What you output must be the exact lines from the first line of the data through the one holding "在这初冬刚来之际,要颜色没颜", with no pictures.

BEGIN Information shown

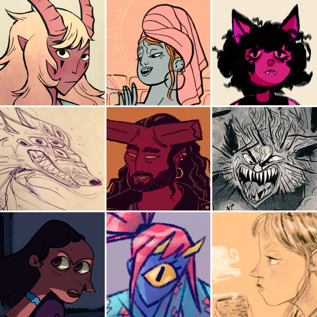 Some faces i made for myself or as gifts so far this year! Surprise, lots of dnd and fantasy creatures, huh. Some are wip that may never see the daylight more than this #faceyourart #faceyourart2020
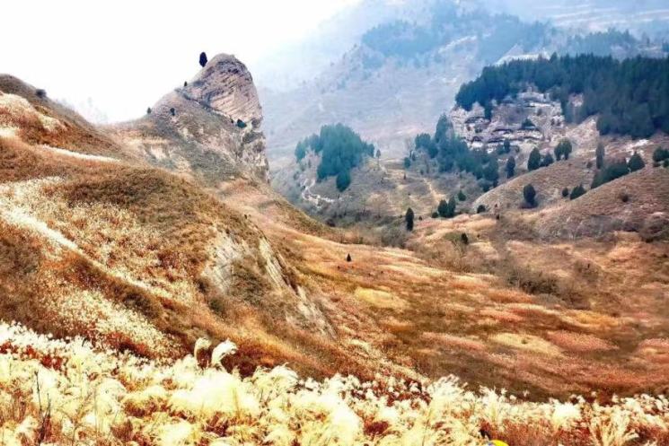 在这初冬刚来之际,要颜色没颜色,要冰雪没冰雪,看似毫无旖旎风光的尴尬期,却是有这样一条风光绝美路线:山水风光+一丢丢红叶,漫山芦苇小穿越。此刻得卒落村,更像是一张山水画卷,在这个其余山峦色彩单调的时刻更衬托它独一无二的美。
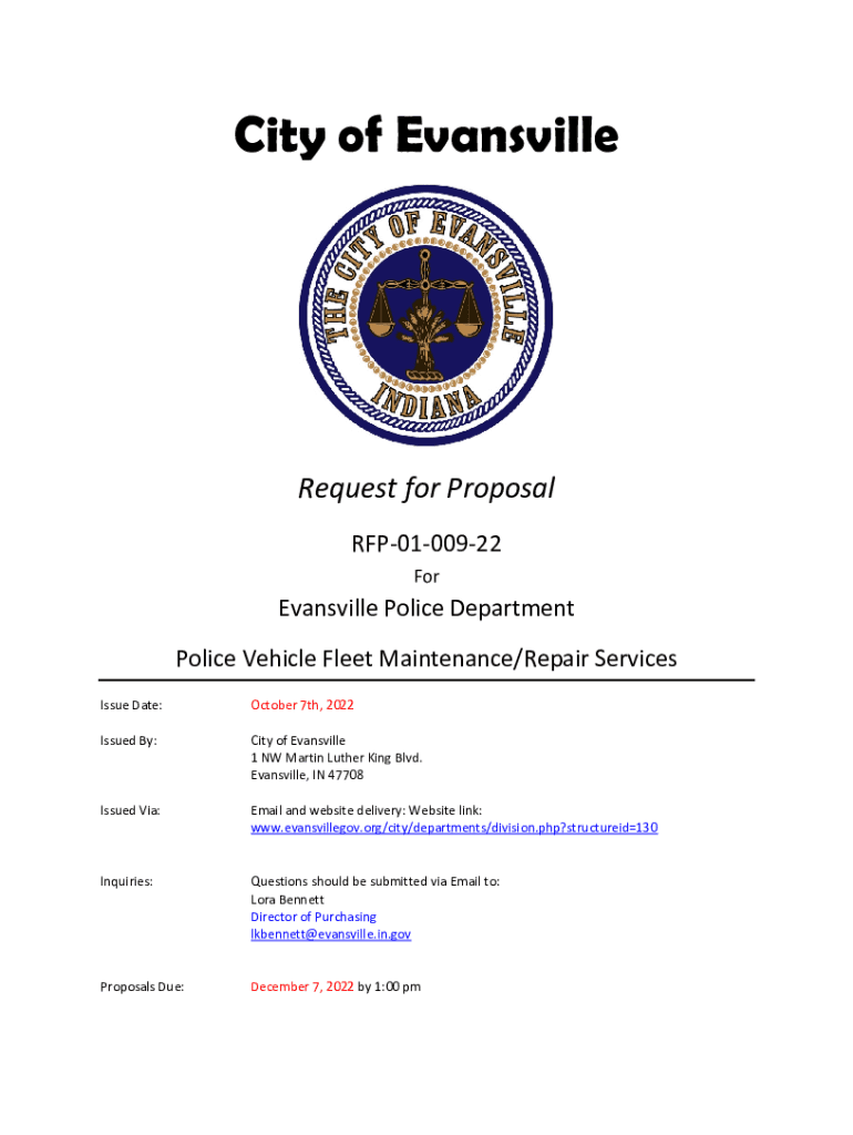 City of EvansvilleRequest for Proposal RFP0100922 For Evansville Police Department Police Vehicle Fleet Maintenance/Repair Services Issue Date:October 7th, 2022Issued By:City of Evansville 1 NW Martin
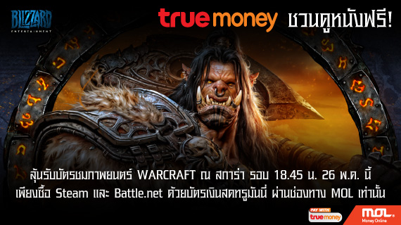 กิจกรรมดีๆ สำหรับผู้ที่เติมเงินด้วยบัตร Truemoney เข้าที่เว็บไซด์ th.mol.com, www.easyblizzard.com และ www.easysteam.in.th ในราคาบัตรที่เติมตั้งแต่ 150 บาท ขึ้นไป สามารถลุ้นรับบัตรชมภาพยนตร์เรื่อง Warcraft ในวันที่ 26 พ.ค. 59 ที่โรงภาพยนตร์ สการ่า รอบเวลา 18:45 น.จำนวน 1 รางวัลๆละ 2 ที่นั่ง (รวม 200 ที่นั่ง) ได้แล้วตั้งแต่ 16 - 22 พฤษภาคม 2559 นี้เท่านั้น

END Information shown

Answer box:
 Some faces i made for myself or as gifts so far this year! Surprise, lots of dnd and fantasy creatures, huh. Some are wip that may never see the daylight more than this #faceyourart #faceyourart2020
 在这初冬刚来之际,要颜色没颜色,要冰雪没冰雪,看似毫无旖旎风光的尴尬期,却是有这样一条风光绝美路线:山水风光+一丢丢红叶,漫山芦苇小穿越。此刻得卒落村,更像是一张山水画卷,在这个其余山峦色彩单调的时刻更衬托它独一无二的美。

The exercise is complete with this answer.